:: Exercise inputs ::
◆ ◆ ◆

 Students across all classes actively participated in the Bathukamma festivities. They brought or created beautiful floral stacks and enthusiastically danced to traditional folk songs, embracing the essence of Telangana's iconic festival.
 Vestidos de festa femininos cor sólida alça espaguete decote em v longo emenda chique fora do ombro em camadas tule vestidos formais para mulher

◆ ◆ ◆

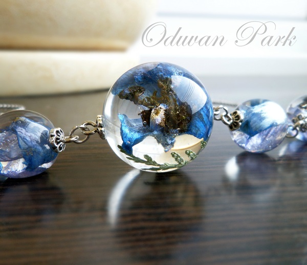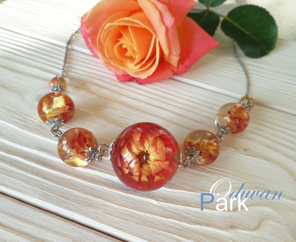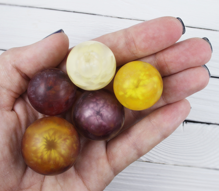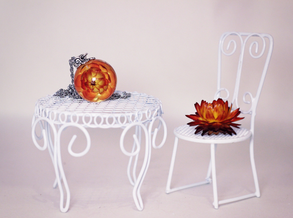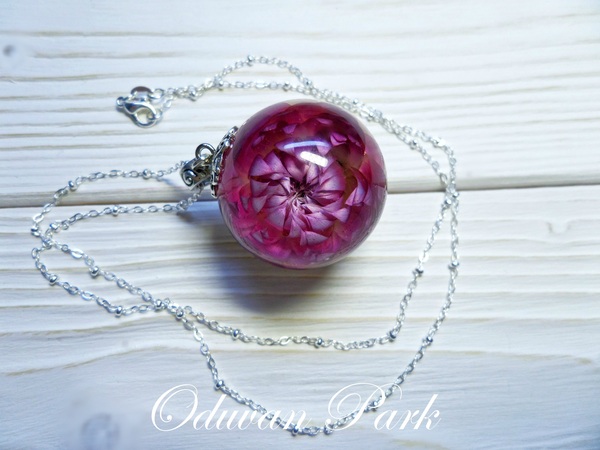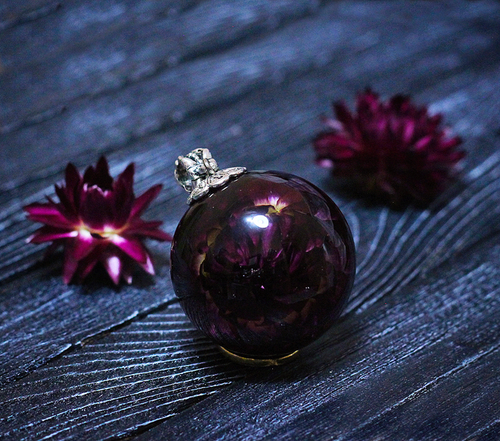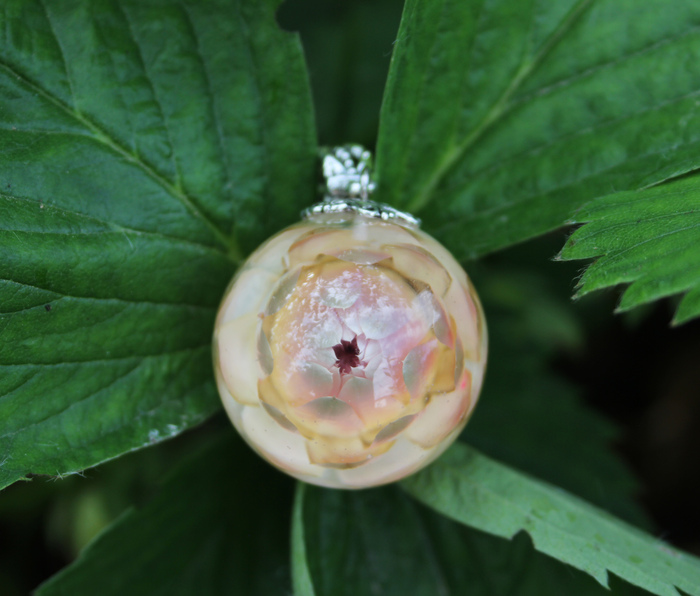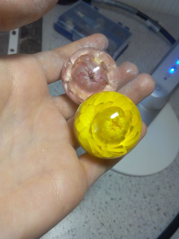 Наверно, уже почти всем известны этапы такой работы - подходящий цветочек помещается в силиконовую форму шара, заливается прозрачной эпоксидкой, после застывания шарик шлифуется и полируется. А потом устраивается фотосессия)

◆ ◆ ◆

:: Required action ::
Which lines above run from the one containing "Students across all" to the one containing "Vestidos de festa"? Give them again exactly, both ends included.

:: Task output ::
 Students across all classes actively participated in the Bathukamma festivities. They brought or created beautiful floral stacks and enthusiastically danced to traditional folk songs, embracing the essence of Telangana's iconic festival.
 Vestidos de festa femininos cor sólida alça espaguete decote em v longo emenda chique fora do ombro em camadas tule vestidos formais para mulher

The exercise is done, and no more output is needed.